Facing the Puerta de Alcalá, Bakan Madrid operates as a restaurant grounded in process rather than interpretation. While its scale, location and evening programming place it firmly within Madrid’s contemporary dining scene, the kitchen remains anchored to techniques and ingredients that precede the city by centuries.
Opened as part of the Grupo Bakan project founded by Lalo and Eduardo Durazo alongside Óscar Gaviño Valladares, the Madrid restaurant follows the same principles established in Wynwood, Miami: Mexican cuisine approached through origin, memory and method, with corn, fire and fermentation forming its structural core.
Corn as Foundation

At Bakan, the tortilla is not a vehicle but a statement. Maíz criollo — including blue chalqueño corn sourced from farming communities in the Valley of Chalco — is imported directly from Mexico and processed on site. Through daily nixtamalisation and stone grinding, the restaurant produces its own masa, following the same methods used in Mesoamerican kitchens for generations.

The result is a tortilla that is pliable, aromatic and structurally sound, capable of carrying filling without dilution. This foundation defines the restaurant’s taco programme, which ranges from pressed carnitas with chicharrón and guacamole, to Iberian pork cochinita pibil with achiote and orange, beef rib with guajillo chilli, and seafood options such as sea bass with guajillo butter. Each taco is composed with restraint, allowing the corn to remain present rather than receding into the background.
Fire, Smoke and Depth

Beyond the tortilla, cooking over wood fire plays a central role. Proteins from land and sea are treated with direct heat, drawing on techniques associated with Oaxacan markets rather than restaurant kitchens. Smoke is applied deliberately, used to deepen flavour rather than dominate it.
The menu extends into a concise but focused selection of moles — including three Oaxacan references — alongside traditional desserts such as Tres Leches and Campechana, which close the meal without unnecessary reinterpretation.
A Liquid Archive of Mexico

Bakan’s bar functions as an archive as much as a service point. With more than 250 references of mezcal and tequila, the selection spans industrial producers, small-batch distilleries and ancestral methods. Fermentations using wild yeasts and infusions incorporating ingredients such as cacao, chicken breast or Iberian ham reflect historical practices rather than novelty.

Alongside straight pours, the menu includes a dedicated margarita section and traditional preparations such as micheladas and cheladas, offering lower-alcohol options that remain firmly rooted in Mexican drinking culture.
Space and Atmosphere

The dining room balances visual intensity with functional clarity. Mexican crafts, Huichol art, ceramics from Santa María del Cobre and references to Michoacán and Oaxaca are integrated without theatrical staging.

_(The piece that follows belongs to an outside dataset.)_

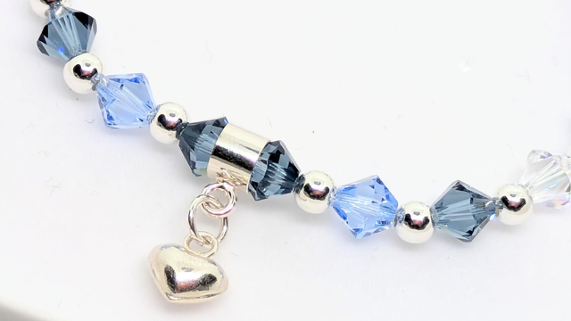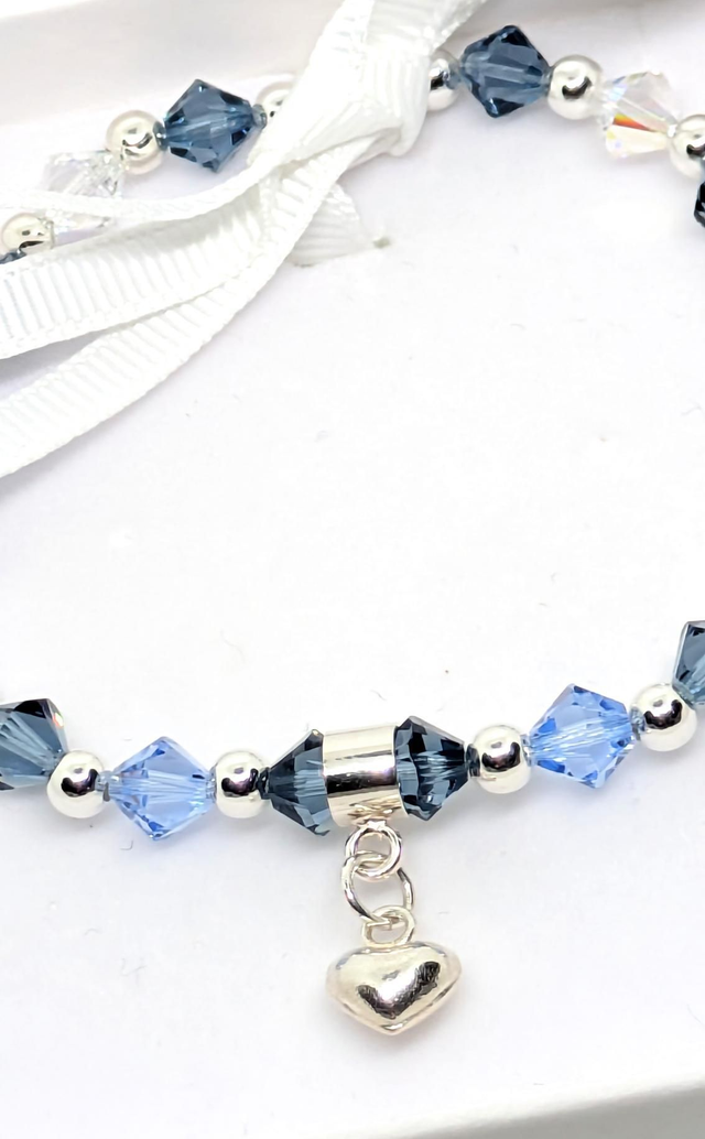 A Beautiful Crystal Bracelet made with Blue & Clear Serenity Crystal Beads and a 925 Sterling Silver Puffed Heart Charm.

Music forms part of the restaurant’s evening rhythm: DJ sets and scheduled mariachi performances appear later in the night, allowing the space to transition gradually rather than abruptly.

Seasonal moments, such as Día de Muertos, are marked through food and ritual — pan de muerto prepared according to traditional recipes, spiced chocolate, and symbolic décor — reinforcing the restaurant’s commitment to cultural continuity rather than spectacle.
Editorial Verdict

Bakan Madrid does not attempt to modernise Mexican cuisine, nor does it reduce it to nostalgia. Its strength lies in repetition, discipline and respect for process. By placing nixtamalised corn, wood fire and traditional fermentation at the centre of its operation, the restaurant offers a form of Mexican cooking that is both direct and grounded.
In a city where Mexican cuisine is often filtered through adaptation, Bakan stands apart by insisting on method. The result is a restaurant where flavour, structure and cultural reference remain aligned — from the tortilla to the last pour of mezcal.